Kirby Chambliss, the Texas-born pilot who has flown Red Bull races since the 2003 inaugural season, winning championships in 2004 and 2006, arrived in Chiba after three frustrating 2019 races and no shot at the title. He qualified dead last, and then rallied to find speed, knocking out Spain's Juan Velarde in the Round of 14 with a blistering 57.306, followed by Nicolas Ivanoff of France, in the Round of 8. The entire field slowed by fractions of a second as the day wore on, and Chambliss’ 59.601 in the final heat was good for second place, his best finish of the season.
“Of course I would have rather finished first, but it was nice that Yoshi was first, you know, here in Japan. So, yeah, I’m happy,” Chambliss told the Red Bull cameras after the race.

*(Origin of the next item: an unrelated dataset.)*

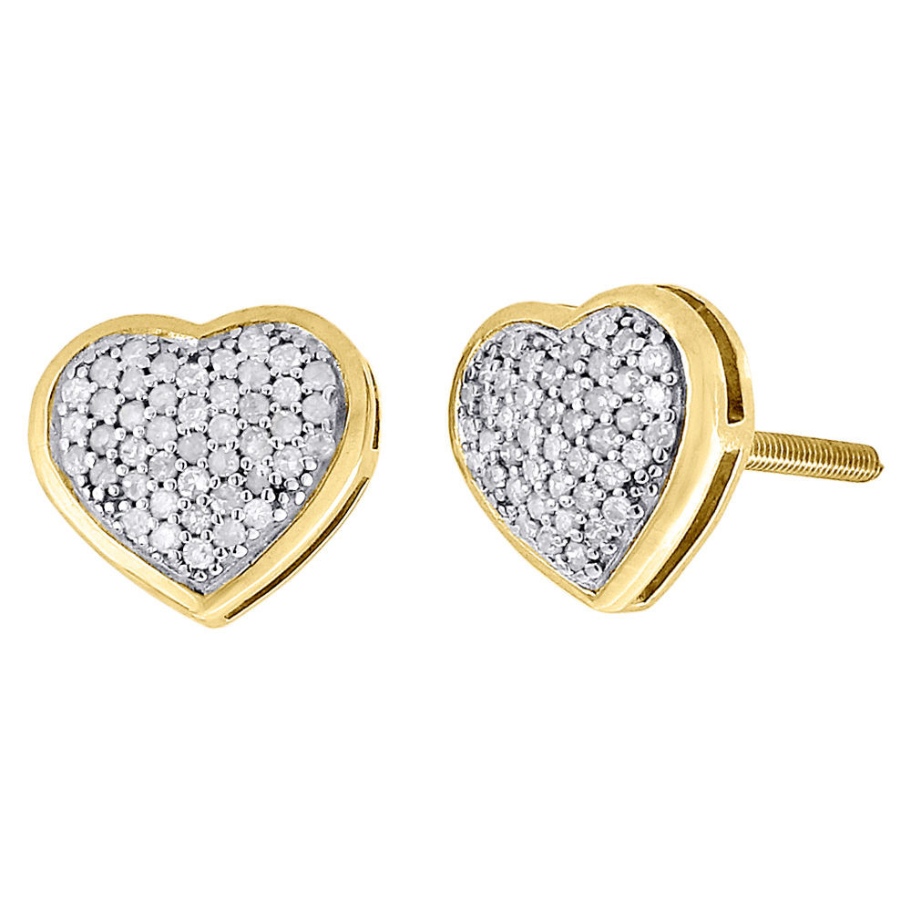 - Diamond Heart Studs 10K Yellow Gold Fashion Round Pave Design Earrings 0.30 Tcw.

Muroya had nearly been eliminated in the Round of 14 in front of his home crowd, flying a 57.912 that was slower than Ben Murphy of Great Britain, but still quick enough to advance (as the “fastest loser”) to the Round of 8. A full 5 seconds of penalties collected by François Le Vot and a clean run by Muroya (57.895) sent the 2017 champion into the finals with everything on the line. He needed Hall to falter, and he needed to win, but Muroya still had a shot.
It was all but out of reach by the time Muroya got his chance to fly through the starting gate: Canadian Pete McLeod flew first in the finals, clipped a gate, and incurred further penalty for failing to fly level through another gate, piling five penalty seconds onto his track time for a total of 1:04.028. Hall needed to finish in third place or higher, and only needed to “keep it on the rails” and fly one last clean run to become Red Bull’s last champion pilot. Chambliss kept some pressure on Hall by clocking a final run of 59.601, slotting in to second place. But Hall needed only third place to win the season title by a single point, and that he did: The last pilot to race through a Red Bull course managed a clean run, 1:00.052, nearly 4 seconds ahead of McLeod.
Hall said the result was “bittersweet, because it’s the last race.” Still, he continued, “it feels good to be the best in the world at something.”